What you should do
Your answer should reproduce every line of the material in which the word "Xondaro" occurs.
··· Input material ···
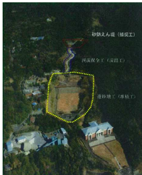
写真 3.2.3 伊豆大島総合溶岩流対策事業（八重沢）

堆積工が H13 に完成し、その後 H17 から砂防堰堤の整備を進めてきた。H19 年度末に砂防堰堤が完成し、八重沢の土砂整備率は 67% となった。
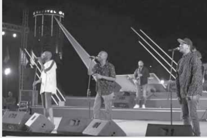
رئيس الأوبرا: الحفلات الصيفية تحتوى طاقات الشباب وتكسب التنوع الموسيقى والغنائى المصرى

المتميزة والطرب الأصيل والموسيقى الشرقية والغربية وحفلات كبار المطربين، وأشاد بالتزام الجمهور خاصة الشباب وسلامة الجمهور والفنانيين.
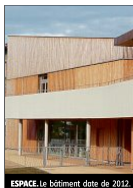
ESPACE. Le bâtiment date de 2012.
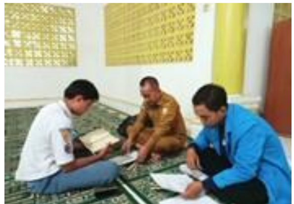
5.5 Proses Tes Kemampuan Membaca Al-Qur'an Tanggal 23 April di musolah
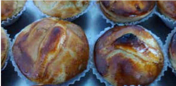
Figura 26. Empada de aratu do seu Pascásio.
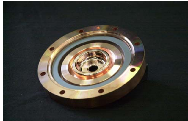
図3：SiCを圧入したCバンド加速管セル

加工完了したセルには、タングステン製のばねをセットし、イビデン製SiCをプレスで圧入する。ろう付は所内大型炉2台と小型炉1台を使用し、導波管を含めて大型炉7～8バッチ/月、小型炉4バッチ/月で処理する。
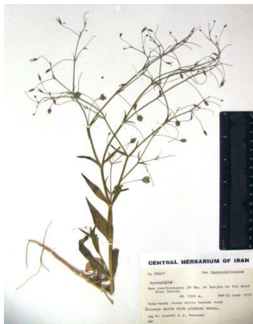
شکل ۴- Gypsophila pilosa var. glabra (هولو تایپ TARI).

Fig. 3. (1, 2) Gypsophila polyclada var. polyclada . (3, 4) Gypsophila polyclada var. leioclada . (5, 6) Gypsophila pilosa var. pilosa .
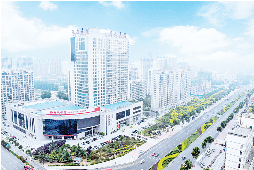
林州市美景
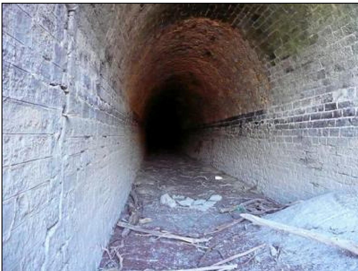
L'intérieur en bon état de la galerie normalement noyée
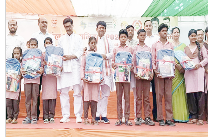
मुजफ्फरनगर: उत्कृष्ट कार्य करने वाले शिक्षकों को सम्मानित करते मंत्री व जिला पंचायत अध्यक्ष।
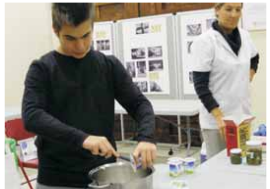
Els joves van aprendre a fer un menú sencer

L'Ajuntament, amb el suport de la Diputació de Barcelona, va organitzar el taller "Cuina sense pares", adreçat a joves a partir de 14 anys, amb l'objectiu d'introduir-los en el món culinari i promoure una alimentació saludable. El taller es va fer el 28 de novembre a can Jorba. També es va donar a conèixer el web www.cuinasensepares.cat amb consells i propostes de menús setmanals per motivar els joves a posar-se el davantal.
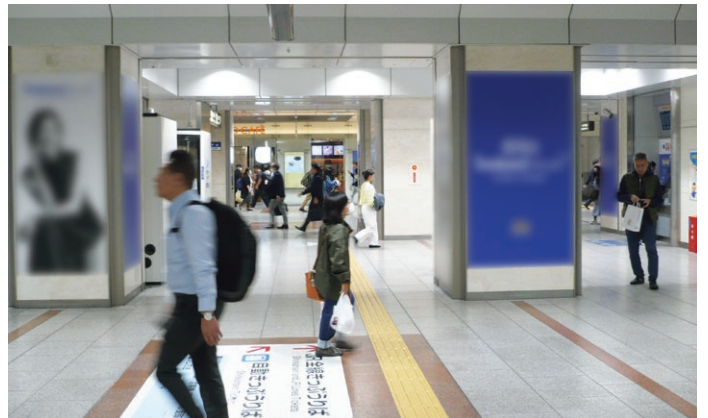
サイネージとのタイアップ

さらにデジタルサイネージは機能的 にはデータドリブン型マーケティング とも親和性が高く、規制緩和や運用に よっては今後さらなる広告効果の最大 化が期待できます。駅周辺の来訪者属 性や動線データなどを活用することで、 特定の時間帯やターゲット層に向けた 広告配信が可能です。たとえば、平日 の通勤時間帯にはビジネス関連のサー ビス広告、休日や祝日には観光情報や 地域イベントの告知を行うといった時
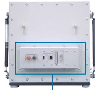
I/Fモジュールを取り付けたMY2510
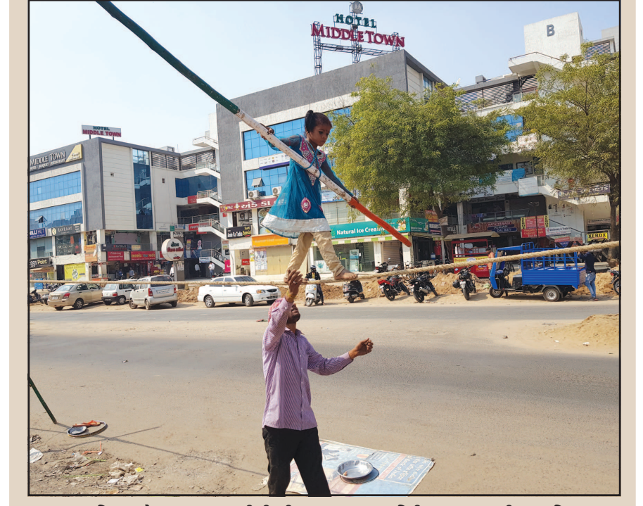
આજીવિકા માટે કરતબ - નાનકડી દીકરી દ્વારા અવનવા શારિરીક કરતબ કરાવી આજીવિકા રળતા બાપ-દીકરીની તસવીરમાં પિતાનું વાસ્તવ્ય છલછલો ભરેલું દેશ્યમાન થાય છે... દીકરીનું બાપ પરત્વેનું કતવ્ય સ્પર્શે છે... બાપ-દીકરીની આ નાનકડી તસવીર જીવનના મોટા મોટા સંબંધોને નાના કરી નાખે છે...
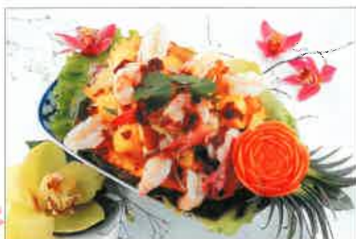
22. Salade aux crevettes et à l'ananas frais
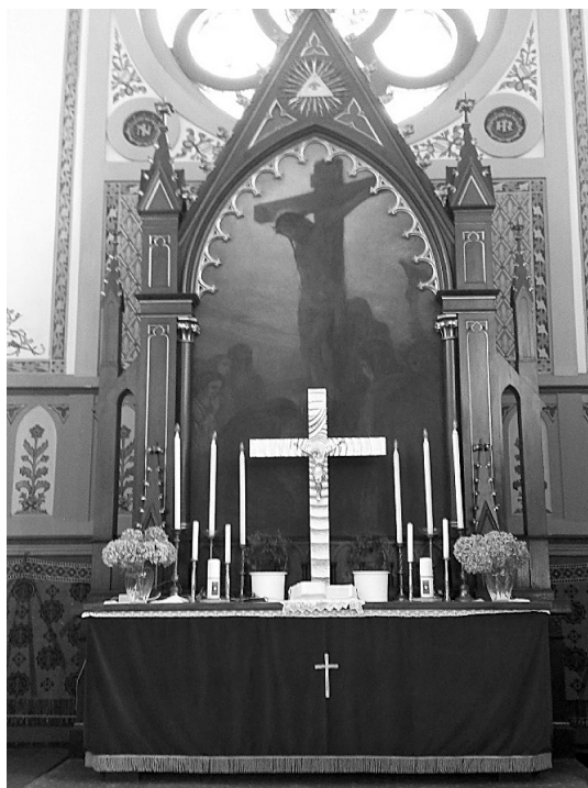
Slika 5: Zgled oltarne slike nad oltarjem v Murski Soboti. Motivika murskosoboške oltarne slike je snemanje Jezusa s križa, avtor pa Jenő Bory. To je tudi primer nikoli dokončane umetnosti, saj je avtor slike pred dokončanjem umrl – to se vidi predvsem na naslikani roki.
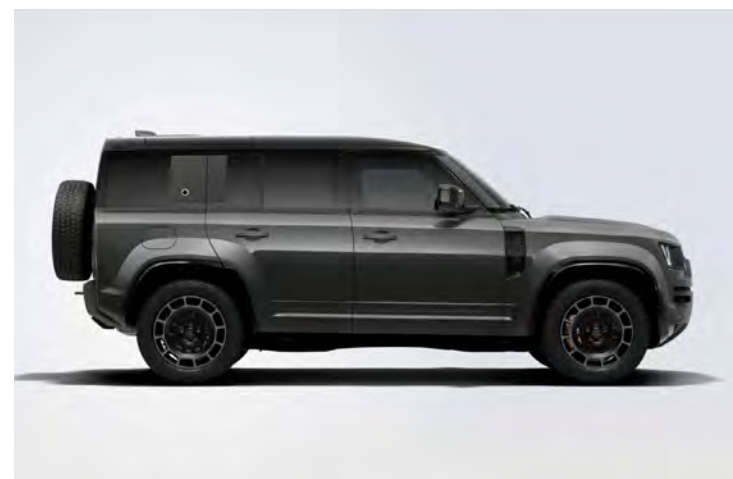
20" 'STYLE 1086' DIAMOND TURNED SATIN DARK FINISH & CONTRAST SATIN BLACK Standaard op Defender OCTA Edition One
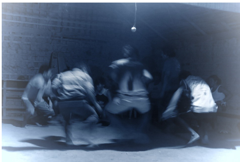
Figura 2: A arte do Xondaro no Pará

Na aldeia Tekoa Pyau, que fica no município Jacundá, no estado do Pará, em uma distância de cem quilômetros de Marabá, já não se praticava mais o Xondaro. Como contrapartida durante a realização do projeto de etnomapeamento pelo CTI a comunidade solicitou a vinda de um guarani para ensinar o Xondaro nessa aldeia. Dessa forma, fui convidado para ensinar e mostrar os movimentos do Xondaro nos anos de 2017, 2018 e 2019 (Fig.2). Fiquei três semanas em cada ano lá. Mulheres e homens participaram e demonstraram muito interesse. Ao trazer essas práticas novamente a essa aldeia, as memórias foram retornando e hoje em dia eles próprios fazem essa prática sem ajuda externa. A imagem a seguir foi tirada durante essa experiência.
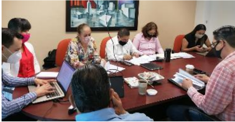
22 DE MAYO 2020
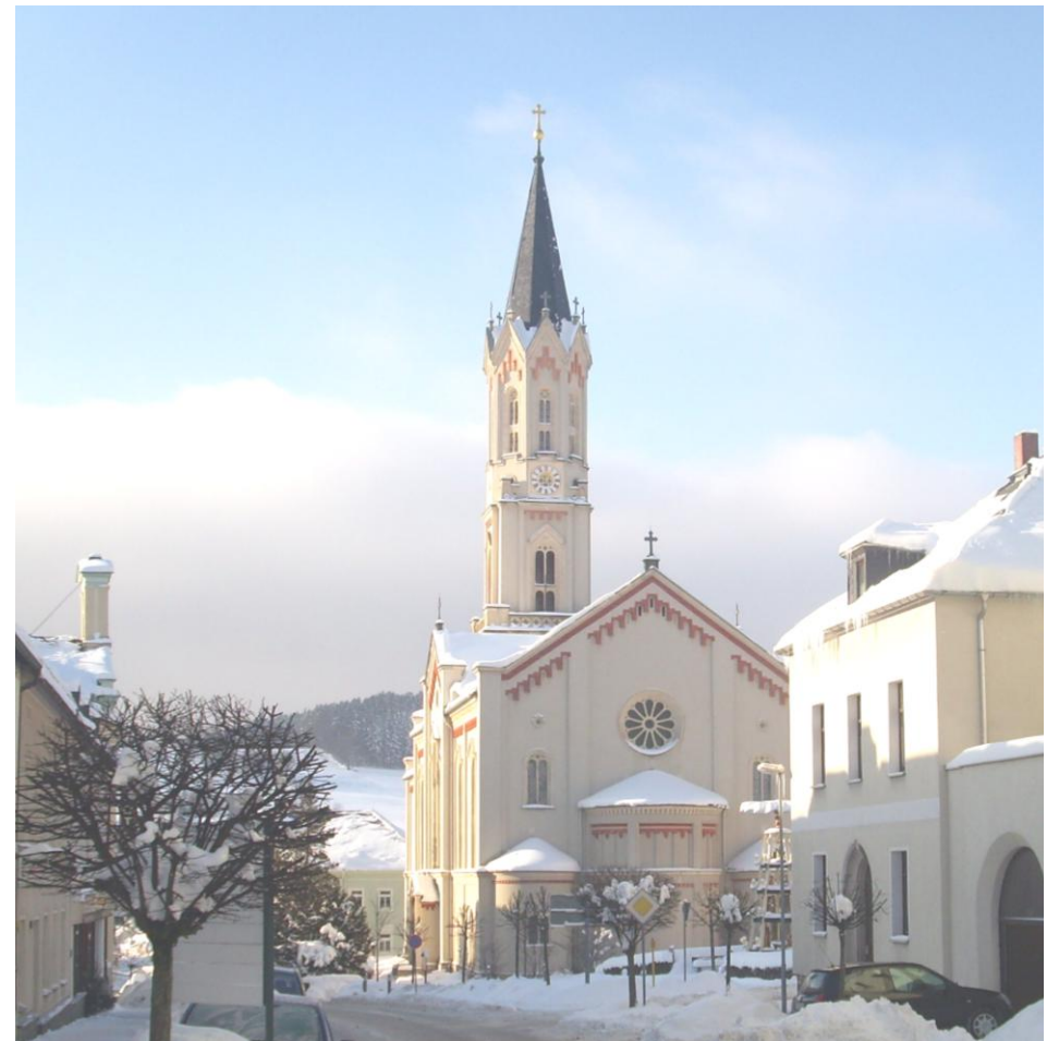
Unsere Stadtkirche im Winterkleid
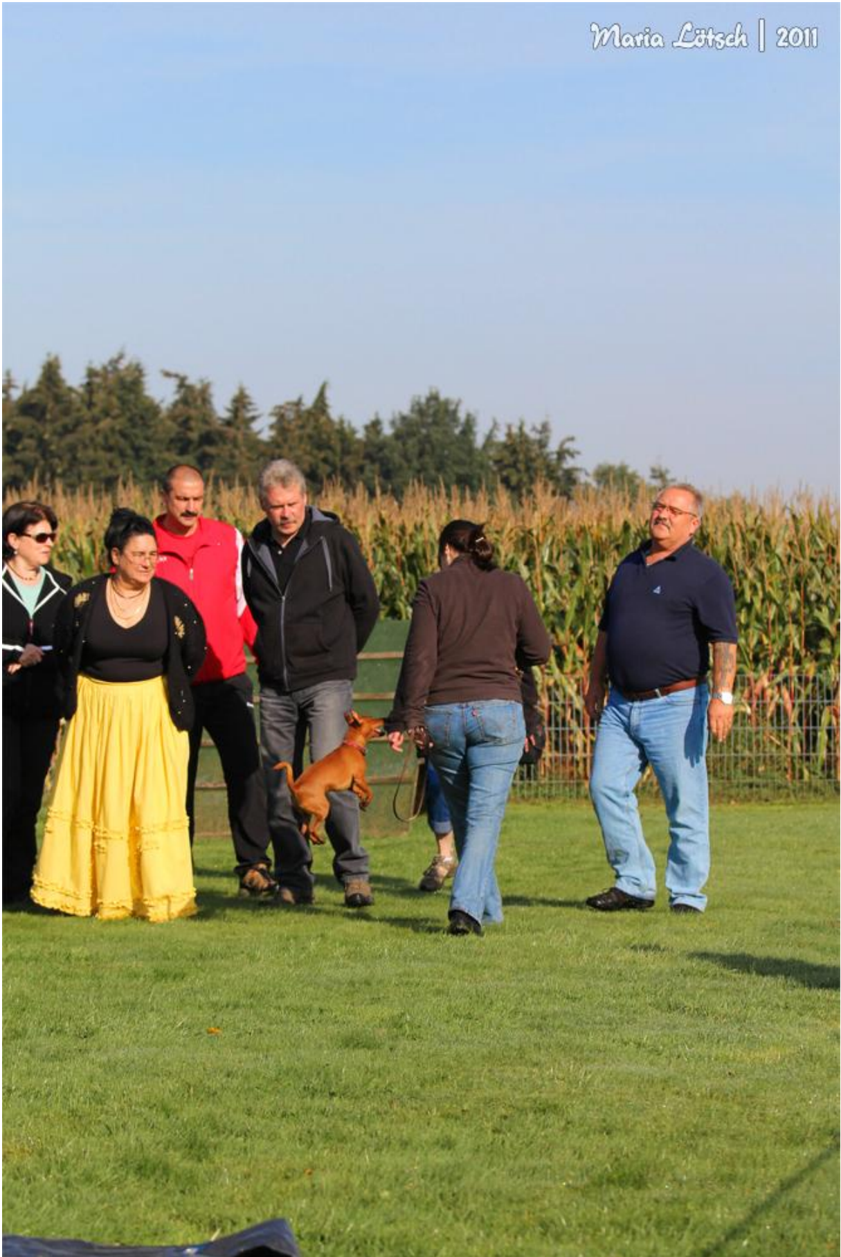
Wesenstest für die Hündin „Diamond von Veynau“
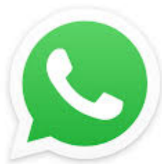
Gambar 2.1 Logo WhatsApp

WhatsApp merupakan sebuah sarana untuk melakukan komunikasi yang berguna untuk saling bertukar pesan yang biasanya berbentuk gambar, viideo, teks, bahkan melali video telepon.(Suryadi, 2018:15). Didalam aplikasi ini terdapat fitur-fitur yang didapat membantu penggunanya untuk berkomunikasi , dalam penggunaan WhatsApp memerlukan bantuan internet. Adapun fitur yang terdapat dalam WhatsApp yaitu contact untuk menyisipkan kontak, audio digunakan untuk digunakan untuk mengirimkan pesan suara, galery untuk menambahkan foto dan lain-lain. Semua fitur yang ada di whatsapp sangat membantu memudahkan interaksi antar individu
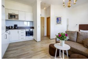
Blick zum Flur und zur Badtür
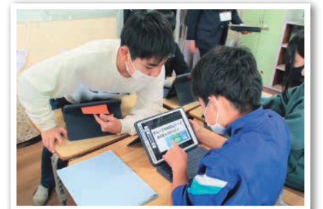
タブレット端末を使い調査発表資料を作る児童

高道祖小学校では、3～6年生が「高道祖から未来の社会へ ～ぼくのわたしのSDGs～」を合言葉に、探究活動を行っています。自分で決めた「地域」「福祉」「環境」「よりよい未来社会」などをテーマに、地域の専門家の話を聞く、実際に現地を訪れるなど、体験的な学習を積み重ねました。今後も、持続可能な社会の担い手となる児童に対し、自ら課題を見つけ、他者と協働し持続可能な社会づくりを目指す活動を続けていきます。
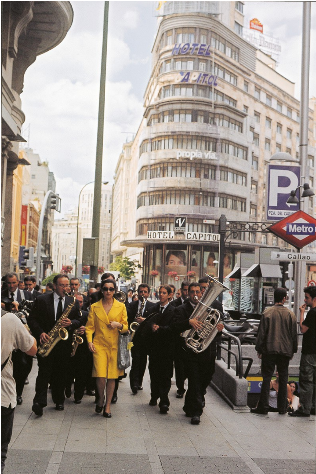
Viva España , 2004. Acción, Documentación videográfica © Pilar Albarracín
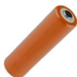
4x bateria LR6 1,5 V
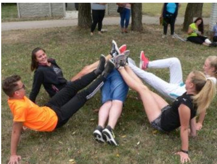
Obrázek 9: Hra ruce, nohy, tělo.
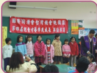
3/18同濟會在本校辦理「伴我成長」兒童才藝競賽，全縣選手齊聚一堂
···
Answer section
Figura 2: A arte do Xondaro no Pará
Na aldeia Tekoa Pyau, que fica no município Jacundá, no estado do Pará, em uma distância de cem quilômetros de Marabá, já não se praticava mais o Xondaro. Como contrapartida durante a realização do projeto de etnomapeamento pelo CTI a comunidade solicitou a vinda de um guarani para ensinar o Xondaro nessa aldeia. Dessa forma, fui convidado para ensinar e mostrar os movimentos do Xondaro nos anos de 2017, 2018 e 2019 (Fig.2). Fiquei três semanas em cada ano lá. Mulheres e homens participaram e demonstraram muito interesse. Ao trazer essas práticas novamente a essa aldeia, as memórias foram retornando e hoje em dia eles próprios fazem essa prática sem ajuda externa. A imagem a seguir foi tirada durante essa experiência.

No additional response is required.